Records contained in a dataset

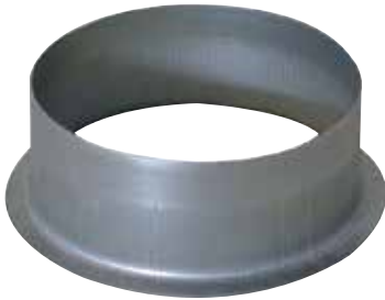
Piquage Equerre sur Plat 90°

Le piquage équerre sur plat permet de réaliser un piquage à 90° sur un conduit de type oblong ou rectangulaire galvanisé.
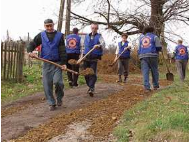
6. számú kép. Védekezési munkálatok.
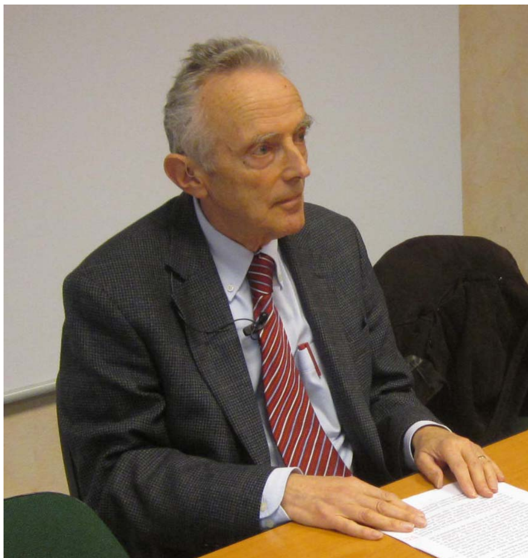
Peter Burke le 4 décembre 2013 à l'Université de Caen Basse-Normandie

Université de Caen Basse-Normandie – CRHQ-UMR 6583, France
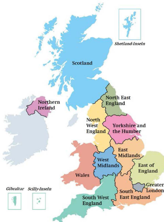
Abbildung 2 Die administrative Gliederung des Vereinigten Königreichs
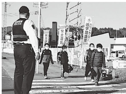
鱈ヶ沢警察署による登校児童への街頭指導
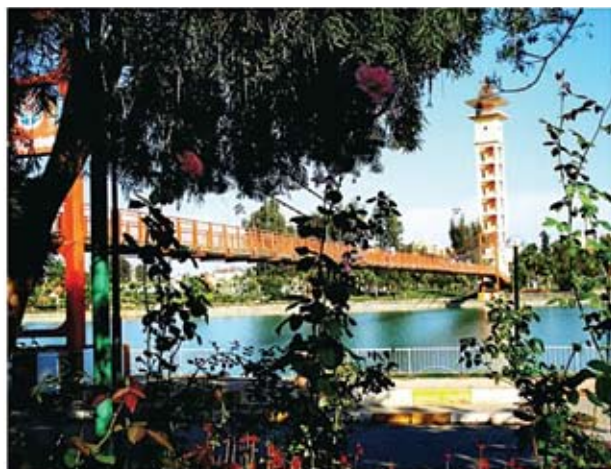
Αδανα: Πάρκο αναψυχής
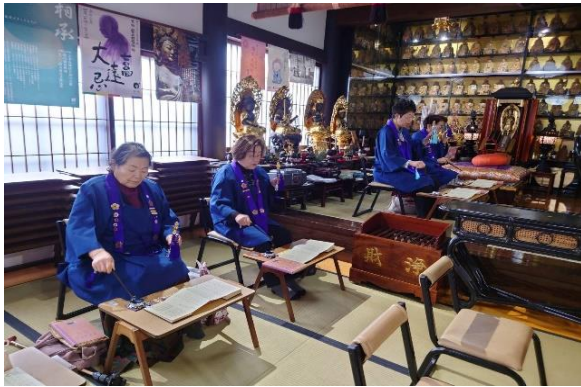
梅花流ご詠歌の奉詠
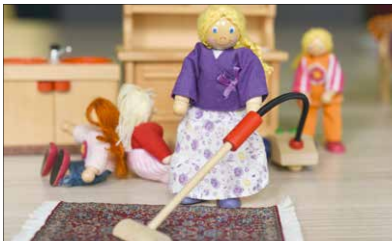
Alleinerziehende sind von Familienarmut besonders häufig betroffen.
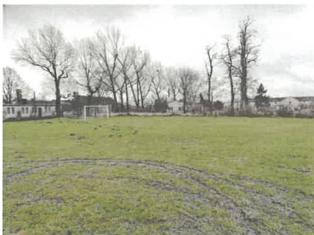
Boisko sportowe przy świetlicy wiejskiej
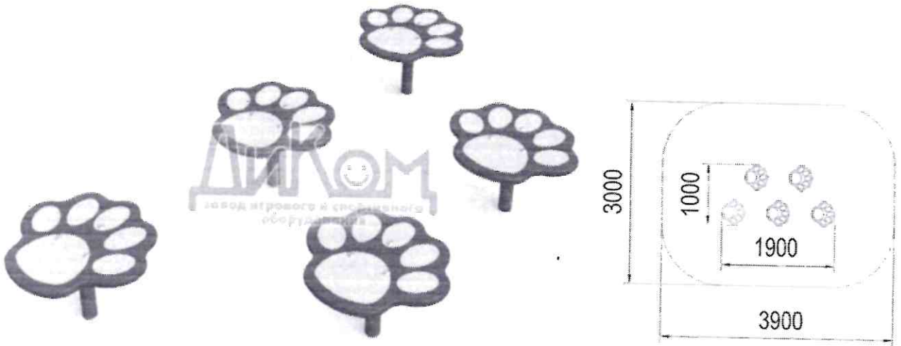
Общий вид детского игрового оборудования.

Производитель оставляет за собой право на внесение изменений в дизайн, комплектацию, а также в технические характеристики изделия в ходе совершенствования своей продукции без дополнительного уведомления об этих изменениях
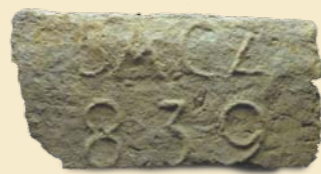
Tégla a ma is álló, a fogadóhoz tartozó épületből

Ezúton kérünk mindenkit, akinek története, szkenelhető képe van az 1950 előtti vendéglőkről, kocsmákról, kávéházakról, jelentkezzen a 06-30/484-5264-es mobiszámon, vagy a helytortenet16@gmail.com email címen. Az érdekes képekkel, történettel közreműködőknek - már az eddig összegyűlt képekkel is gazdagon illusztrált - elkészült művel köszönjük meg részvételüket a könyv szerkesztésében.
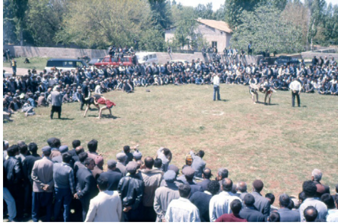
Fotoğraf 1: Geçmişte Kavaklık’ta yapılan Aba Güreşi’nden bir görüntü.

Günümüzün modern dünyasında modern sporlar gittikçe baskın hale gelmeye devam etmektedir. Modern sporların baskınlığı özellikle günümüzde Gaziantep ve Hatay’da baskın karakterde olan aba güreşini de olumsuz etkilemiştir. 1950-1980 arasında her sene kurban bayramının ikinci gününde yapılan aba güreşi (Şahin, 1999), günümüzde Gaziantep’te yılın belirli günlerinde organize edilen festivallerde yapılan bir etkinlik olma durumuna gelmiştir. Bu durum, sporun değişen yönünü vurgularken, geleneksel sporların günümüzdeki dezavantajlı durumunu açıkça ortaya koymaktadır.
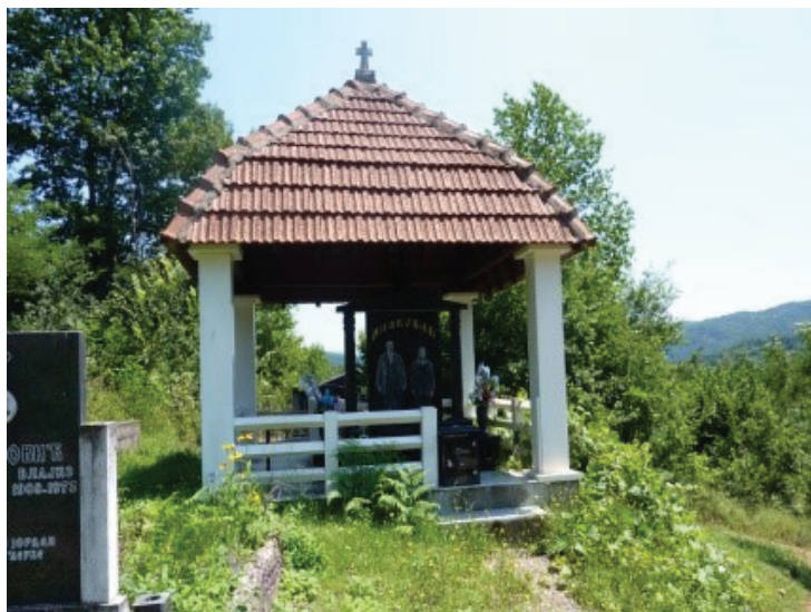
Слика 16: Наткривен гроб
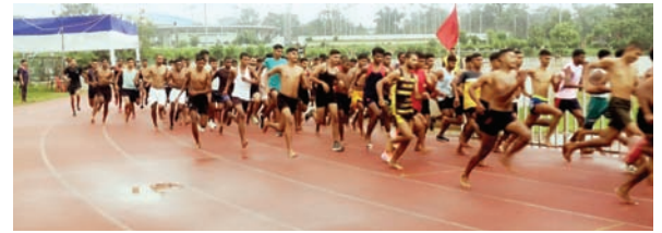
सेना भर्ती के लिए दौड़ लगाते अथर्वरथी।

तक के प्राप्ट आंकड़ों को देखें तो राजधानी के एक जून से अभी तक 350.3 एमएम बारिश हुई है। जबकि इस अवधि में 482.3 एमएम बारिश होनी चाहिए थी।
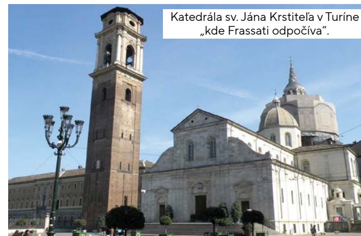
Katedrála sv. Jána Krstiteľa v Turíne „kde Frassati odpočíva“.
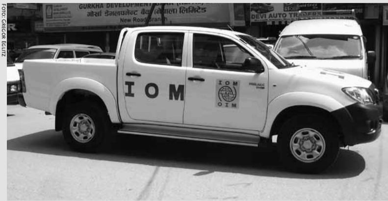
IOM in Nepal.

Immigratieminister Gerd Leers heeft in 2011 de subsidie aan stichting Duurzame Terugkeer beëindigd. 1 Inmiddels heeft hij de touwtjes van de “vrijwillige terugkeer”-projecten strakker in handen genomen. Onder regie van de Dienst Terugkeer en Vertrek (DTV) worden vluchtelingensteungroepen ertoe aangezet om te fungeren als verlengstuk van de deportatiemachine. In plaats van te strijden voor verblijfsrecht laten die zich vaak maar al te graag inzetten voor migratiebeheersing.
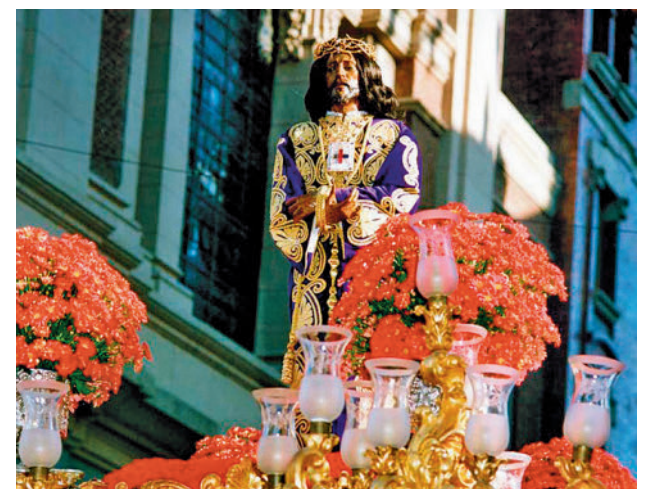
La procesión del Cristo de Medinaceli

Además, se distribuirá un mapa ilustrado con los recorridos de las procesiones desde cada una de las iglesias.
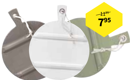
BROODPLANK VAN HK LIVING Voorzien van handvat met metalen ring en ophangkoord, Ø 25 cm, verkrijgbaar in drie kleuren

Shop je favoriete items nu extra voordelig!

---

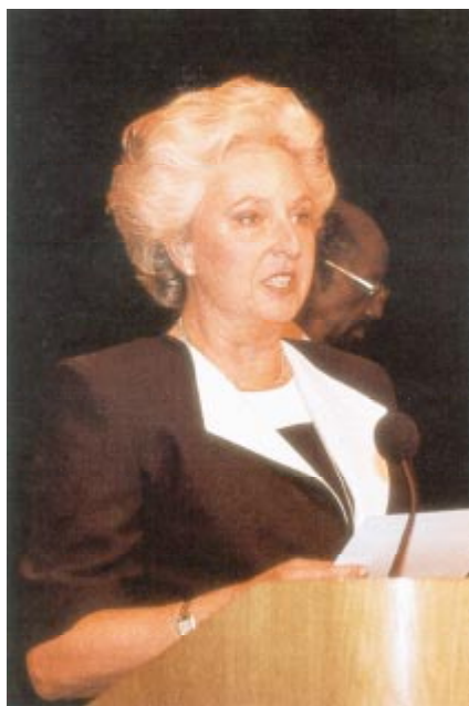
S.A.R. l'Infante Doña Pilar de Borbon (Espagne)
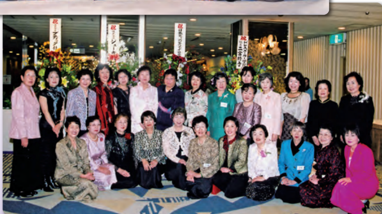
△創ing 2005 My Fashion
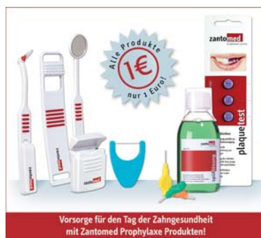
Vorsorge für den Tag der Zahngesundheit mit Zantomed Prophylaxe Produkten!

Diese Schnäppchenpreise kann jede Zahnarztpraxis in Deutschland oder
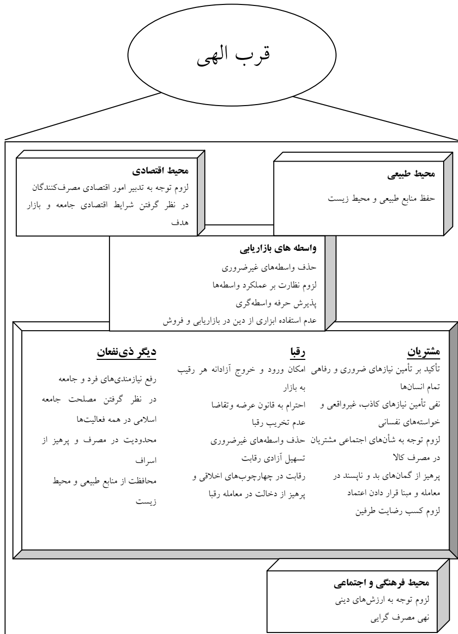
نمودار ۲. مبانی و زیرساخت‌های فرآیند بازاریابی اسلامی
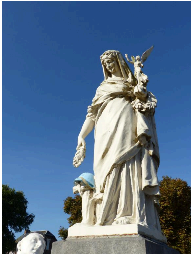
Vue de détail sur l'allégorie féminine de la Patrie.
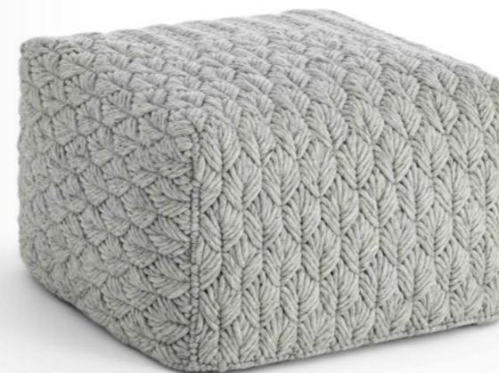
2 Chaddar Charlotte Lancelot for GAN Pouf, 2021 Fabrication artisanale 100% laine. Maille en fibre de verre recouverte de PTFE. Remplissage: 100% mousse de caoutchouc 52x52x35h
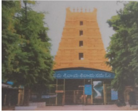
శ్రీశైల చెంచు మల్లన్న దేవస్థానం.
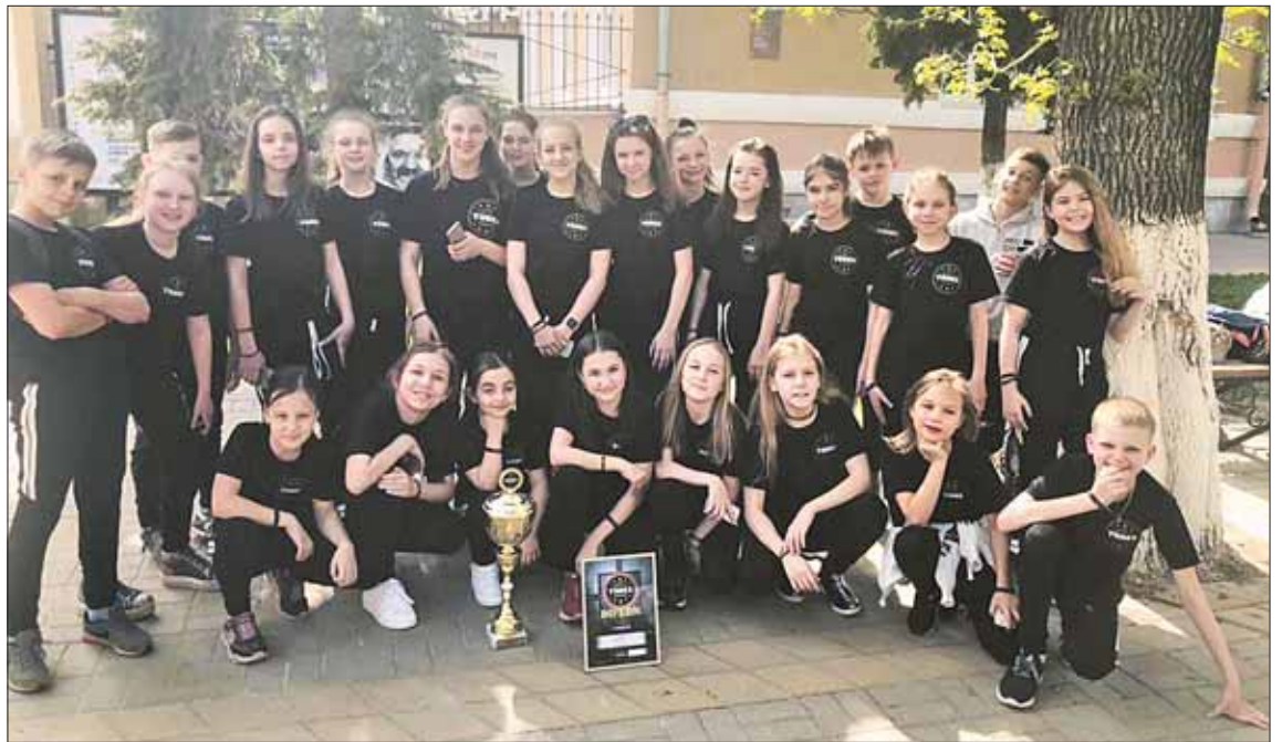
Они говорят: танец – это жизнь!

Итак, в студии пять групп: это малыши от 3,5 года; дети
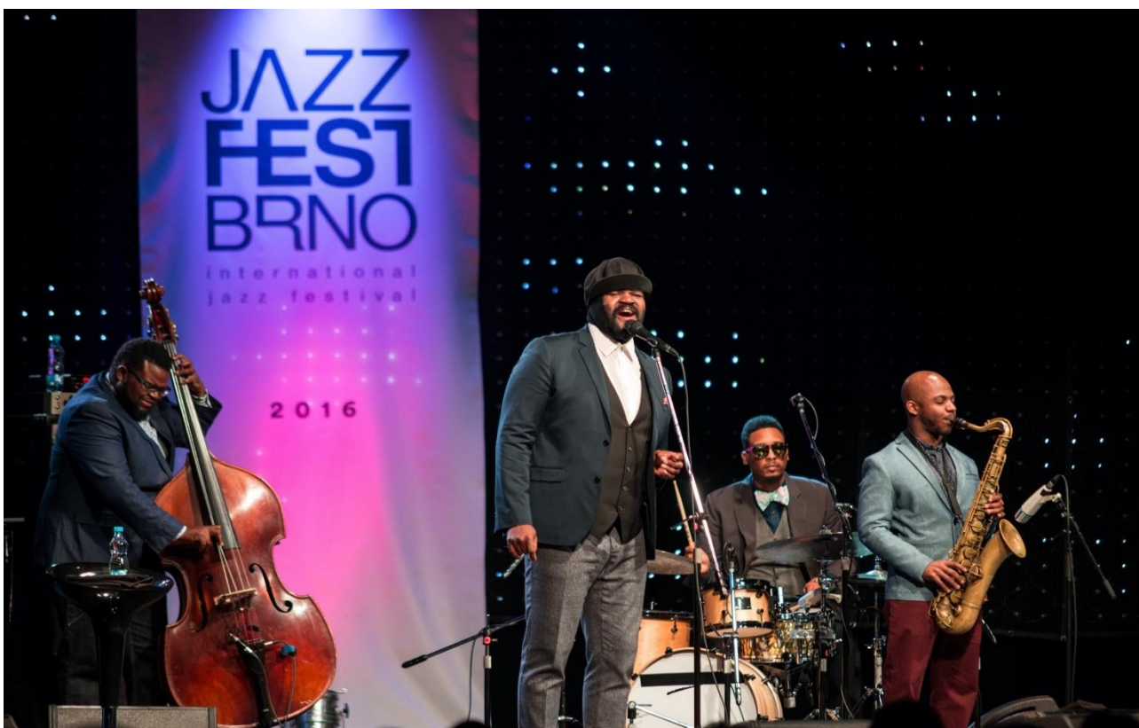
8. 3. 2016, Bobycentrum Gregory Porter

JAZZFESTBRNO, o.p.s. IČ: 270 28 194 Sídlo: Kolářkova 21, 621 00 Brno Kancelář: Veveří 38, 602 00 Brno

**Instructions for the task**
For the word "yapılan", go through the records and show each line that carries it.

**Final answer**
Fotoğraf 1: Geçmişte Kavaklık’ta yapılan Aba Güreşi’nden bir görüntü.
Günümüzün modern dünyasında modern sporlar gittikçe baskın hale gelmeye devam etmektedir. Modern sporların baskınlığı özellikle günümüzde Gaziantep ve Hatay’da baskın karakterde olan aba güreşini de olumsuz etkilemiştir. 1950-1980 arasında her sene kurban bayramının ikinci gününde yapılan aba güreşi (Şahin, 1999), günümüzde Gaziantep’te yılın belirli günlerinde organize edilen festivallerde yapılan bir etkinlik olma durumuna gelmiştir. Bu durum, sporun değişen yönünü vurgularken, geleneksel sporların günümüzdeki dezavantajlı durumunu açıkça ortaya koymaktadır.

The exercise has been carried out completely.